# Syllabus – Math 2339, Calculus 3, Fall 2016¶

## Instructor:¶

Daniel R. Reynolds

## Class and Office Hours:¶

Lecture: 142 Dallas Hall, M/W/F, 11:00-11:50 am.

Office Hours: 139 Clements Hall, M/F 9-10 am, W 1-2 pm, or by appointment (arrange by email).

TA Help Sessions: Math department graduate students run free help sessions in Clements Hall room 225, Monday-Thursday from 4:30-7:30 pm.

## Textbook and Web pages:¶

James Stewart, Essential Calculus: Early Transcendentals, Brooks Cole, 2nd edition, 2012. (ISBN: 9781133112280).

## Course Description:¶

MATH 2339 – Calculus III [3 Credits]

A continuation of MATH 1338. Includes parametric equations, polar coordinates, partial differentiation, multiple integrals, and vector analysis.

Prerequisite: C- or higher in MATH 1338 or 1340.

## Educational Outcomes:¶

• Students can sketch vectors and vector functions and compute sums, products, derivatives, and integrals of these quantities as appropriate.
• Students can compute partial derivatives and directional derivatives at a point on a surface $$z = f(x,y)$$ and find maximum and minimum values.
• Students can evaluate double and triple integrals over simple 2D and 3D regions, as well as parametric line and surface integrals.
• Students can state and use the main theorems of vector calculus.

Reading the sections of the textbook is required, and will be necessary for completing each homework assignment. You are responsible for all of the material in the assigned reading, whether it has been presented in the lecture or not.

Specific passages for each section are listed on the Reading page.

## Homework:¶

You will have two types of homework assignments, warm-up problems and homework:

Warm-up Problems

A small number of problems will be associated with every section in the book.
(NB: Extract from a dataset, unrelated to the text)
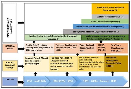 There are dominant discourses and narratives of water resource management identified as having prevailed in Ethiopia in general and the CRV in particular since the late 1950s (see Figure 2 and Table 1). The late 1950s are considered the beginning of the water discourse, as that was when major hydrological resource potential studies commenced in the country during the periods of the First Five-year National Development Plan (1957–1961) and its successor, the Second Five-year National Development Plan (1962–1967). The types and arrangements of the water governance discourse and narratives are presented here along with the ideologies and the political economic policies adopted by successive Ethiopian governments. Those are the Free-market Economic Policy of the Imperial Government (before 1974), the Command (socialist) Economic Policy of the Derg (Derg—is the provisional Military Council that deposed the Emperor Hailieslassies’s regime in 1974 through the popular revolution and changed the imperial government’s ideology to socialist ideology which reign from 1974–1991), and the Free-market-oriented but mixed economic policies since 1991. In each of these three periods, successive governments adopted specific national plans. The discourses and narratives on natural resource management in general and water resource management in particular were closely related to those ideologies and the accompanied national policies and plans.

These assignments will be very short, will cover material from your reading, and will be due on paper, in person, at the beginning of class (before the material is presented in lecture). These problems will be listed on the Reading page.

You may work on these problems with other students. If all problems are attempted, the lowest possible grade you can attain on each assignment is a 70.

Warm-up problems may not be turned in late, and may not be turned in by email.

Homework

More typical homework assignments will be posted on the course Homework page. These will generally be due each week throughout the semester. These assignments will be due by 5:00 pm on the specified due date. These may be turned in during class or brought to my office.

All homework problems must be done on your own.

Late homework must be scanned to a single PDF file and turned in by email to the professor. Late homework will lose points based on the following schedule:

• 1 minute to 24 hours – 10%
• 24 hours to 48 hours – 20%
• 48 to 72 hours – 40%
• over 72 hours – no credit

## Exams:¶

We will have 2 in-class exams, the dates of which are posted on the course web page. The exam questions will be based off of the reading and homework. These exams will be non-cumulative, and will be open-book/open-notes, but no calculators are allowed.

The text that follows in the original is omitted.